担任の先生はクラスづくりに熱心なのですが、「ノリが大事」などと自分の理想像を押し付けてきます。クラスの多数派は先生と波長があっているようで、違った意見を言うだけでクラスから浮いてしまいます。みんなから少し離れると、先生からは「何だ、その態度は」と怒られます。学校に通うのがおっくうになってきました。
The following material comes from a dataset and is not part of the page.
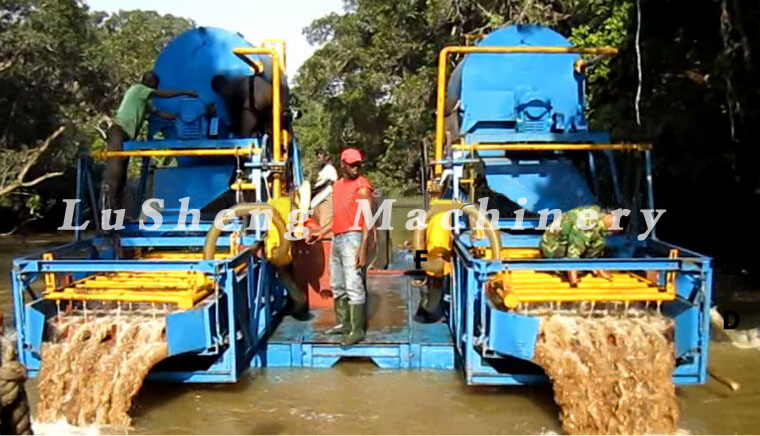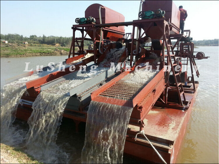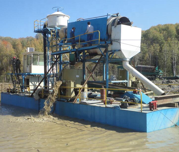挖斗淘金船、抽沙淘金船、絞吸式淘金船,這三種中產量可以定制,挖斗淘金船的產量每小時可達300立方,抽沙淘金船和絞吸式淘金船可以達到700立方。也可以定制為普通的產量,比如每小時100m或每小時200m或者更小產量,都是可以的。 這三種船上都有選金系統,可以定制選金系統。可以根據礦料情況配套離心機、鼓動溜槽、蠕動溜槽、振動溜槽等回收黃金。

回答者 宮崎隆志さん(北海道大学大学院教育研究院教授)

  クラスの「空気」が作られてしまい、息苦しくなっているのですね。意見が違うのに周りの人たちにあわせなくてはならないとすれば、学校に通うのが嫌になるのも当然です。「空気」というのは見えないルールのようなものですから、先生と共鳴している多数派の人たちには、ルールを守っていないあなたに問題があるように映るのでしょう。さらに先生があなたの態度を怒ると、多数派の人たちは自分たちの見方が正しいと思い込むかもしれません。
 これは、いじめを生み出しやすい状況です。もしも、あなたが心身の苦痛を感じるような行為を受けている場合は、すぐに学校(担任の先生以外でも大丈夫です)や「子ども相談支援センター」などに連絡し相談してください。
 いじめを受けていないとしても、あなたが、先生や多数派の人たちと違う意見を持ち、述べることには何の問題もありません。意見表明権は、子どもの権利として国際的にも保障されています。あなたが悪いのではありません。
 あなたの悩みを親身に聴いてくれる友達がいれば、おそらくクラスの中の出来事を一緒に振り返り、なぜそんなことが起きるのかを考えることができるでしょう。でも多数派が圧倒的ならそんな仲間も見つけにくいかもしれません。一人だと大変ですが、気になる出来事が起きた状況を記録しておき、例えば先生の指示の出し方やそれに対するクラスの人たちの反応のタイプ、自分の思いなどを冷静に振り返り分析してみてください。先生やクラスの動きを観察する立場に立つことができれば、問題点が整理でき、モヤモヤした「空気」から自分を救い出せるでしょう。さらに、自分なりの整理について、家族などの信頼できる人から意見をもらい観察を深められれば、自信をもって問題に向き合い、対応方法を探れるようになると思います。

 質問は過去の相談事例や投稿を基に再構成しています。